Diogo Lourenço lamenta a pouca abertura que tem sentido da Carris. Se já chegou a ter uma relação de proximidade com o departamento de comunicação da operadora municipal, nos últimos anos tem verificado pouca abertura por parte da empresa. “Nunca bati à porta de ninguém. Tal como disse sobre os motoristas, não gosto de meter conversa nem de tirar da paz de ninguém, mesmo sabendo que às vezes posso acrescentar alguma coisa”, refere. Foi, por isso, da Carris que partiu o contacto com os Autocarros de Lisboa. A transportadora estava interessada nas fotografias de Diogo e, em troca das mesmas, dava acesso ao seu arquivo fotográfico. “Também recebíamos informações privilegiadas e atempadas, que não saiam para a comunicação social, por exemplo, para conseguimos cobrir. E chegámos a um ponto, salvo erro, foi ali no início de 2021, há dois anos, em que a Carris queria evoluir um pouco mais esta parceria. Como? Ficou uma ideia primordial em cima da mesa mas que nunca foi cumprida”, conta. Depois dessa conversa, Diogo deixou de ter respostas do lado da Carris. “Eu, quando aceito cumprir um acordo, cumpro. Quer seja um acordo de boca, quer seja um acordo assinado. Lamento que a empresa não tenha feito isso comigo.”

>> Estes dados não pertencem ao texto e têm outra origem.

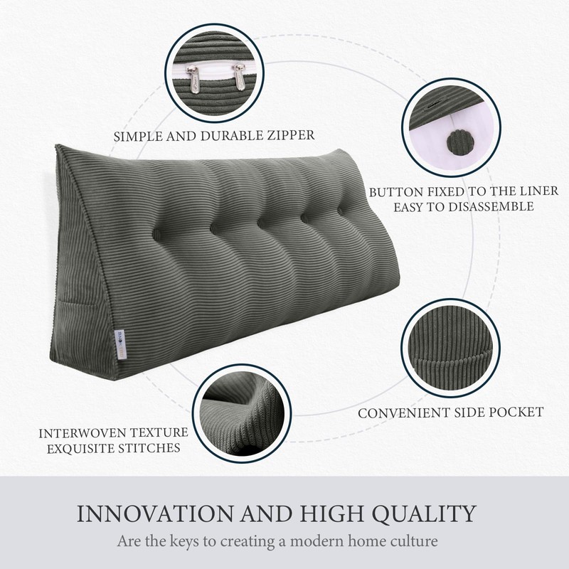 11 lbs Thickened Queen Wedge Pillow Headboard Body Positioner Triangular Reading Pillow Bed Bolster Pillow for Sitting in Bedwith Removable Cover Gift for Dad Backrest Cordury Gray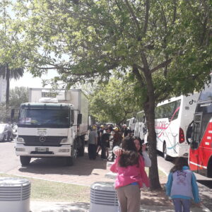 Poco después del mediodía, al sonar de las bocinas, arribó a la ciudad la caravana de una docena de micros que trasladó a más de medio millar de fieles católicos que participaron de la anual peregrinación desde Liniers a la Basílica de Luján, un trayecto de unos 60 kilómetros, que esta vez debió ser interrumpido a la altura de General Rodríguez, ya en su tramo final, como consecuencia de una fuerte tormenta eléctrica, y una lluvia torrencial.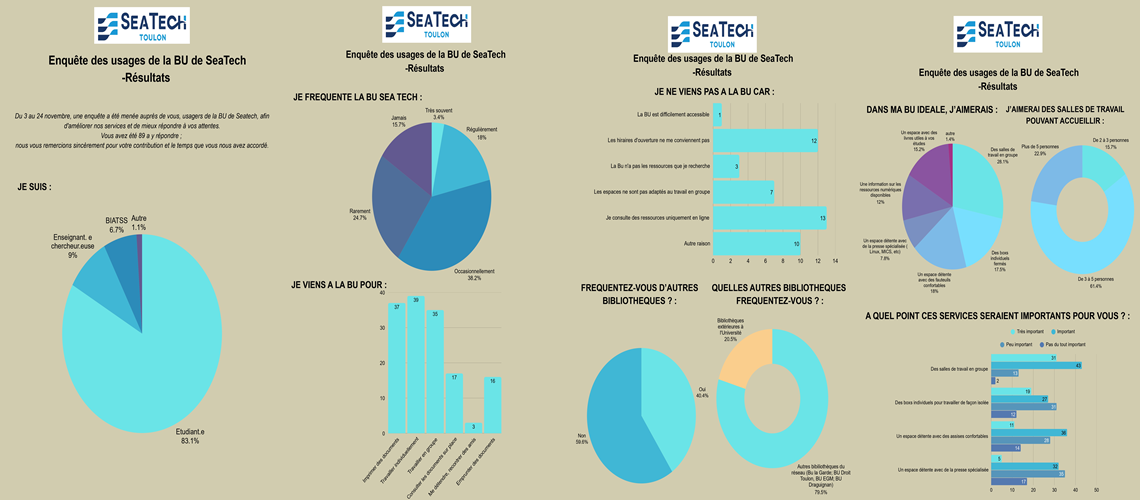 - Une majorité de répondants fréquentent uniquement la BU SeaTech, et dans le cas où ils fréquentent d’autres bibliothèques, il s’agit, pour la plupart, de bibliothèques du réseau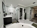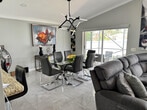 Completely remodeled 3-bedroom, 2-bath single-story home with a 2-car garage in the highly desirable gated community of Symphony Bay. This light and bright home features vaulted ceilings, a spacious open layout, and a split floor plan. Situated on a corner lot with a screened patio, lanai, and grassy yard--perfect for outdoor living. The updated kitchen boasts granite countertops, crisp white cabinets, tiled backsplash, and stainless-steel appliances. Recessed lighting throughout adds a modern touch. The luxurious primary suite includes tray ceilings, walk-in closet, dual sinks, soaking tub, and separate shower. Full accordion shutter storm protection. Enjoy resort-style amenities: pool, tennis, basketball, playground, gym, and clubhouse.
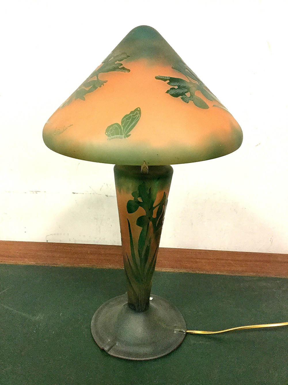 Lampada da tavolo in vetro cammeo a decori naturalistici nei toni del verde e arancio. Epoca recente. (h cm 44) (difetti)

Diogo vai continuar o seu trabalho, mesmo que da empresa não veja reconhecimento e valorização do seu trabalho. “O meu objetivo é fazer um serviço público de qualidade. Mesmo que eu não ganhe nada com isso. E não ganho, nem quero ganhar. Eu tenho prejuízos. Eu compro máquinas e objectivas. Gasto gasolina no meu carro, gasto todos os meses 40 euros em passe. Gasto porque eu quero. Porque quero contribuir para a comunidade.” Promete que os Autocarros de Lisboa “vão continuar enquanto tiver disponibilidade, quer seja pessoal, quer seja financeira, para manter o projecto”. “Quero continuar a informar as pessoas, e a fazê-lo melhor do que faço, porque ando de transportes e vejo algumas informações que estão afixadas nas paragens e que que são insuficientes ou nulas.”